WHAT YOU ARE ASKED TO DO: Beginning at the line containing "От совы мы пошли", repeat each line below exactly up to and including the line containing "1、在软件首页选择想要涂色的线稿,如图中人物线稿,点击即可进入涂色界面。". Do not repeat the pictures.

EXERCISE DATA:
——————————

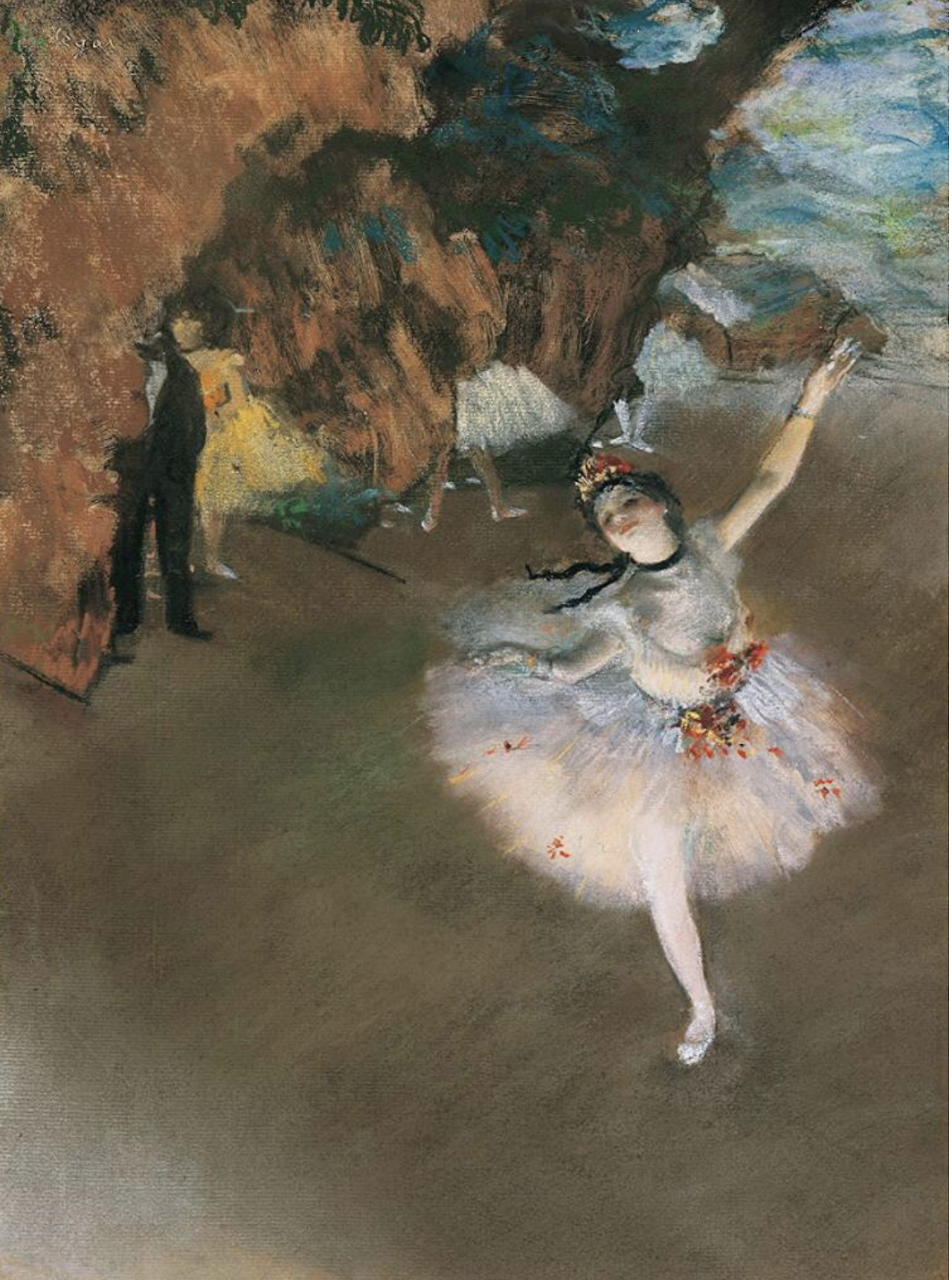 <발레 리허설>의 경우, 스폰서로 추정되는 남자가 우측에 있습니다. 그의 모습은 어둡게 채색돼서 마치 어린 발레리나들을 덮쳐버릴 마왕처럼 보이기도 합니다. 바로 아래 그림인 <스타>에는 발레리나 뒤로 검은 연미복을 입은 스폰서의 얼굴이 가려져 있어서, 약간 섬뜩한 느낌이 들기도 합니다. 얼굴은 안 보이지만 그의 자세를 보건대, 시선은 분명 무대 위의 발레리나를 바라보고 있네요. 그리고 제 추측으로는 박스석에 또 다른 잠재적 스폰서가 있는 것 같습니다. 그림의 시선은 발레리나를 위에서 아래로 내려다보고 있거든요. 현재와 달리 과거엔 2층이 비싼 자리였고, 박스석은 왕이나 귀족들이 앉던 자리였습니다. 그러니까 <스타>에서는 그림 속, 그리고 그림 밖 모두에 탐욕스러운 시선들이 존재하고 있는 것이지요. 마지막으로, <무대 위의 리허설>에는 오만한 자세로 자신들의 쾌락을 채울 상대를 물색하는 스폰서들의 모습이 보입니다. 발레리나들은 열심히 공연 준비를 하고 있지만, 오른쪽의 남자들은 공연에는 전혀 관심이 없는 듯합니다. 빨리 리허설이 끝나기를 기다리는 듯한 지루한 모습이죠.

——————————

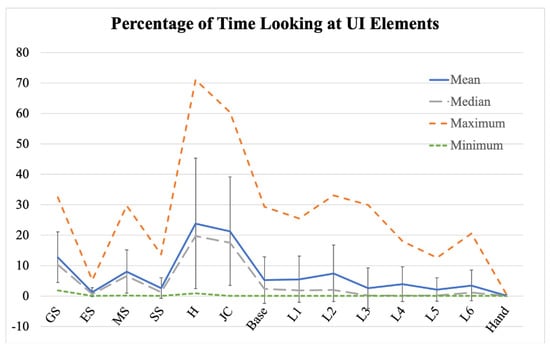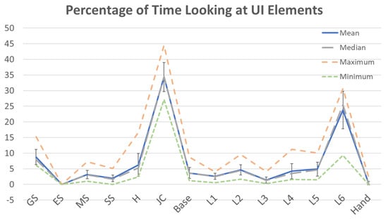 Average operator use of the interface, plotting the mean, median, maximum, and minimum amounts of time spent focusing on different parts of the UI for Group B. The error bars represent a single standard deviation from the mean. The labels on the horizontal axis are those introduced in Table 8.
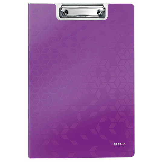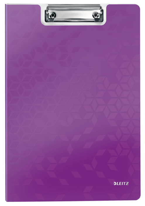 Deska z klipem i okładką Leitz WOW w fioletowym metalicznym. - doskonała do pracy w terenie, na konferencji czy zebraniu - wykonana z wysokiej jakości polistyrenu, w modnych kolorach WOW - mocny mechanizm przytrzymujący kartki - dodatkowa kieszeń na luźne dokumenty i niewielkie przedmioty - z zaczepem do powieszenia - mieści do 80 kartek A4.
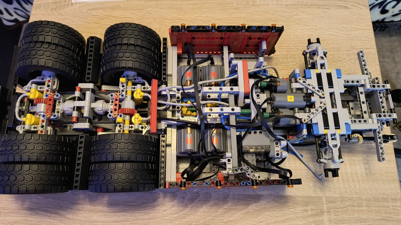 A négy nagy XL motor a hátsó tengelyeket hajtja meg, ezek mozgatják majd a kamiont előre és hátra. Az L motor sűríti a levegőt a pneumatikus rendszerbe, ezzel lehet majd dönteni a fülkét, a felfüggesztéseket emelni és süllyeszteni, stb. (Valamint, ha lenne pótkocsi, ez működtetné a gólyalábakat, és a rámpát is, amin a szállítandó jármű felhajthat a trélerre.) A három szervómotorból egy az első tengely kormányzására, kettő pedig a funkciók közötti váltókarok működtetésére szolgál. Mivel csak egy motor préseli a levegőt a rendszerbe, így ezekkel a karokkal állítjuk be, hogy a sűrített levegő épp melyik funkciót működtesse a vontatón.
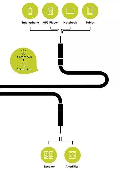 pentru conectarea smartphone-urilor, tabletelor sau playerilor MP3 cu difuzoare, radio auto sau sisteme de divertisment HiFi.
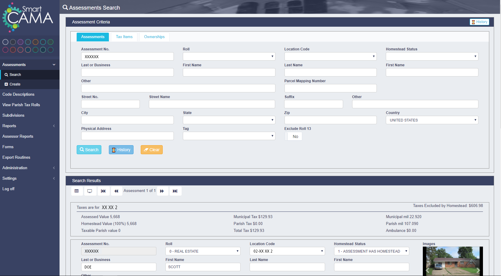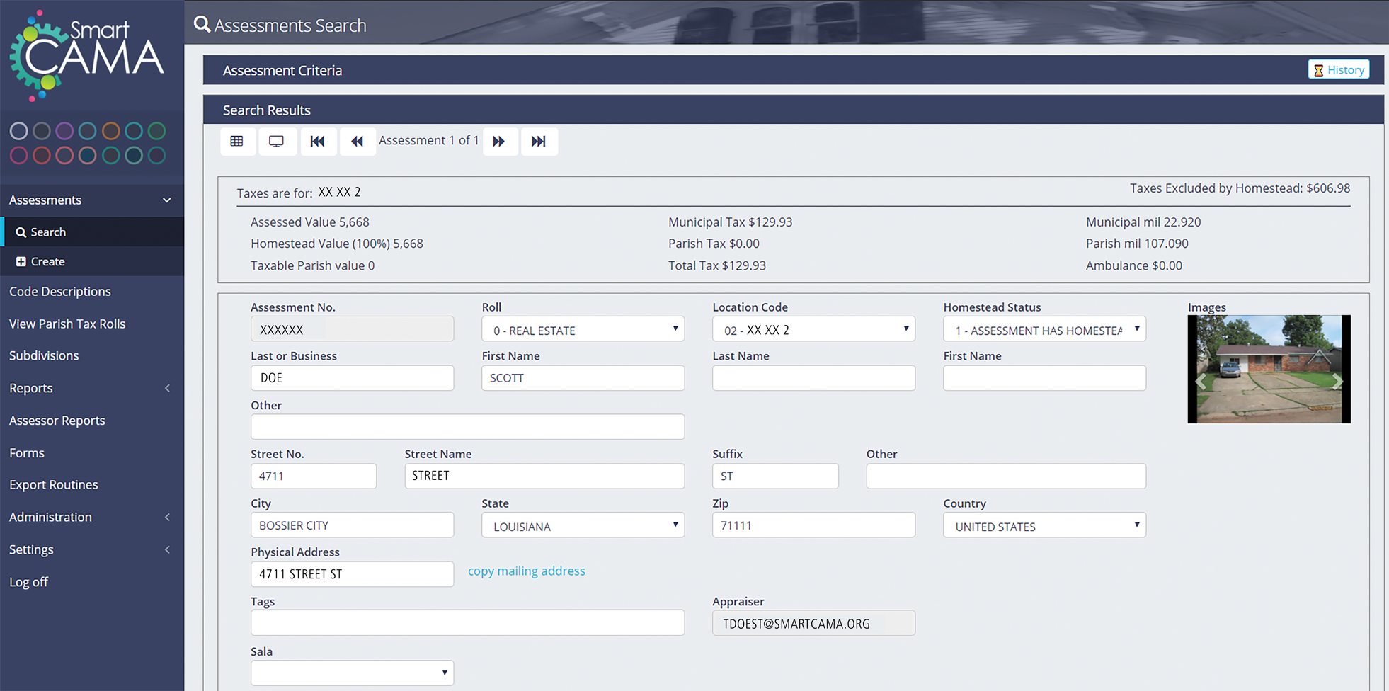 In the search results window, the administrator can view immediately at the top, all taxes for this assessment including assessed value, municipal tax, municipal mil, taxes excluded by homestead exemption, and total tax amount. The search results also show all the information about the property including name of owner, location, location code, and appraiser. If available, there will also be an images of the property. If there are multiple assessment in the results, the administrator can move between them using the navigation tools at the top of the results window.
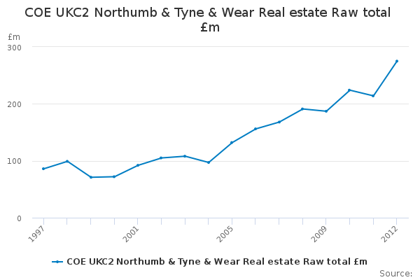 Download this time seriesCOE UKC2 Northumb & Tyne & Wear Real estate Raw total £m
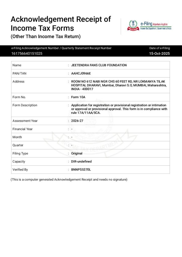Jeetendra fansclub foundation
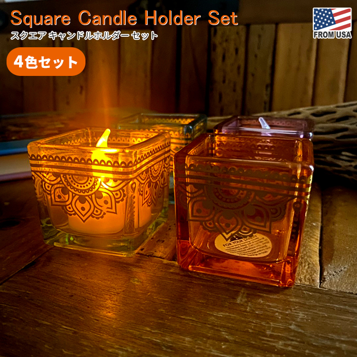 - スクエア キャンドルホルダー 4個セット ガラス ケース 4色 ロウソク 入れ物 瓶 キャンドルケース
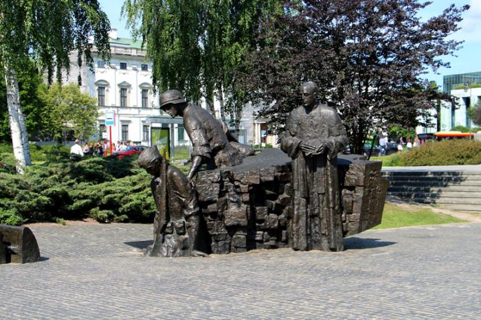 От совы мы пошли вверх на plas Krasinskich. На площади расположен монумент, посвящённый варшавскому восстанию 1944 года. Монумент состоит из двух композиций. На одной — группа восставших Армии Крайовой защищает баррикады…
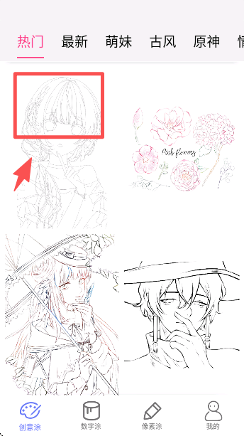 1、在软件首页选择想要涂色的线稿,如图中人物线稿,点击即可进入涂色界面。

——————————

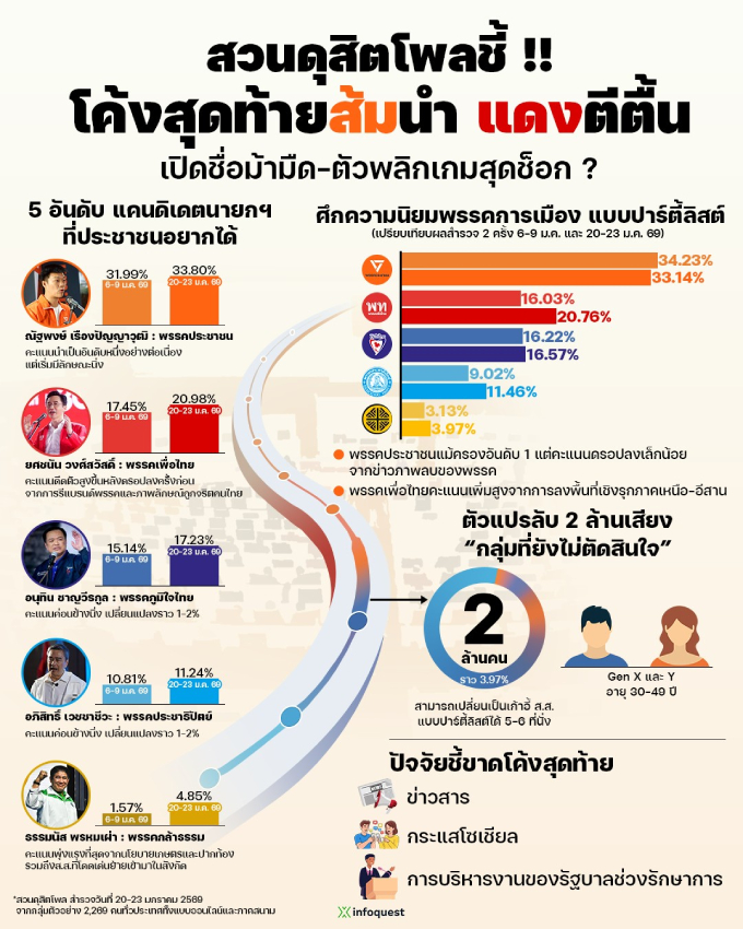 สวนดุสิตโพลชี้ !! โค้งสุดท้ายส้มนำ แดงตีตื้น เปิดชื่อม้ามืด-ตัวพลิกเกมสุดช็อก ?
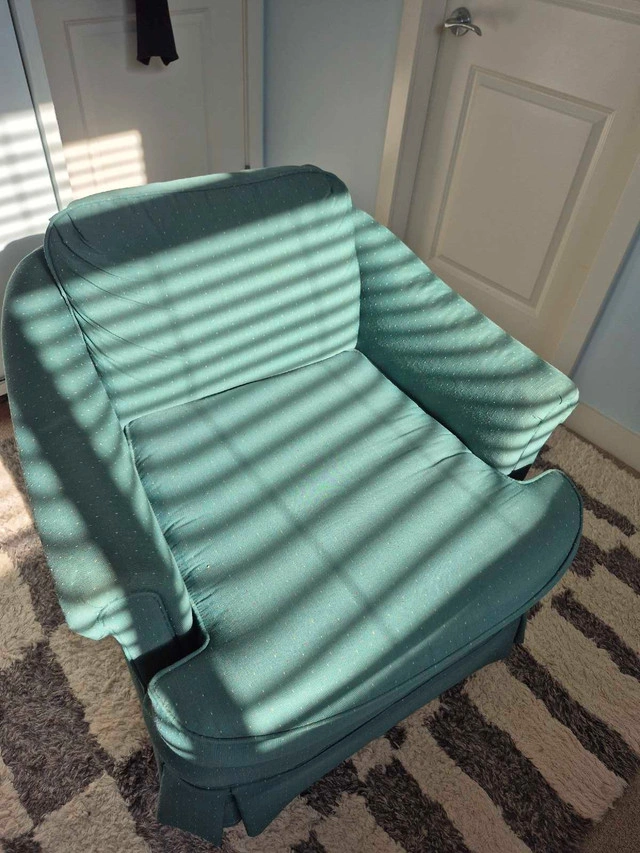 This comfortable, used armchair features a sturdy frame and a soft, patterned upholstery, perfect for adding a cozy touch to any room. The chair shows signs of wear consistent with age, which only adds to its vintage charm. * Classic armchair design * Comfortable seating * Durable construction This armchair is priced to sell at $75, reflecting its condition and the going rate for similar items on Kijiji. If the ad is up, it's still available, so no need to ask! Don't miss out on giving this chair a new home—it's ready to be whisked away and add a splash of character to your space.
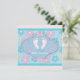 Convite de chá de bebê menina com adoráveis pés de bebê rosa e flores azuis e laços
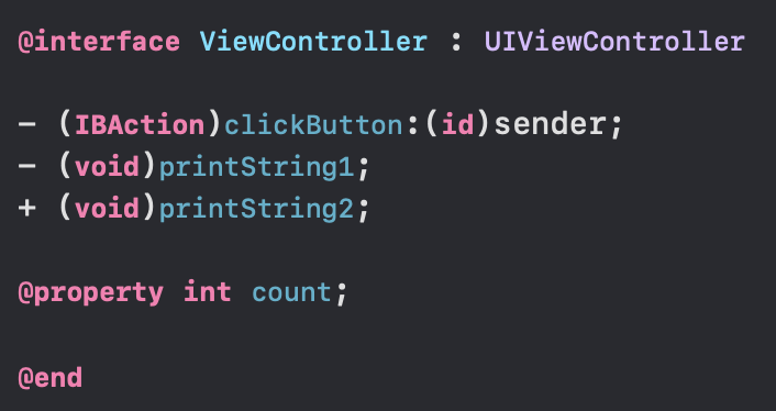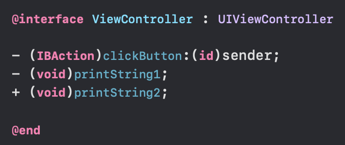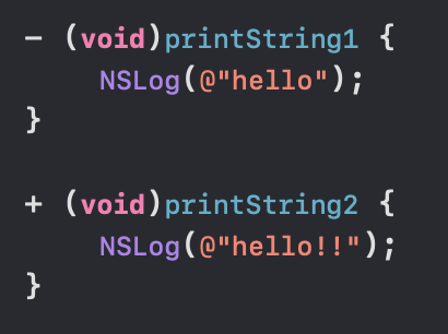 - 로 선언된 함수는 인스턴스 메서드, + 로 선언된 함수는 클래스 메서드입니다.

——————————

ANSWER SECTION:
 От совы мы пошли вверх на plas Krasinskich. На площади расположен монумент, посвящённый варшавскому восстанию 1944 года. Монумент состоит из двух композиций. На одной — группа восставших Армии Крайовой защищает баррикады…
 1、在软件首页选择想要涂色的线稿,如图中人物线稿,点击即可进入涂色界面。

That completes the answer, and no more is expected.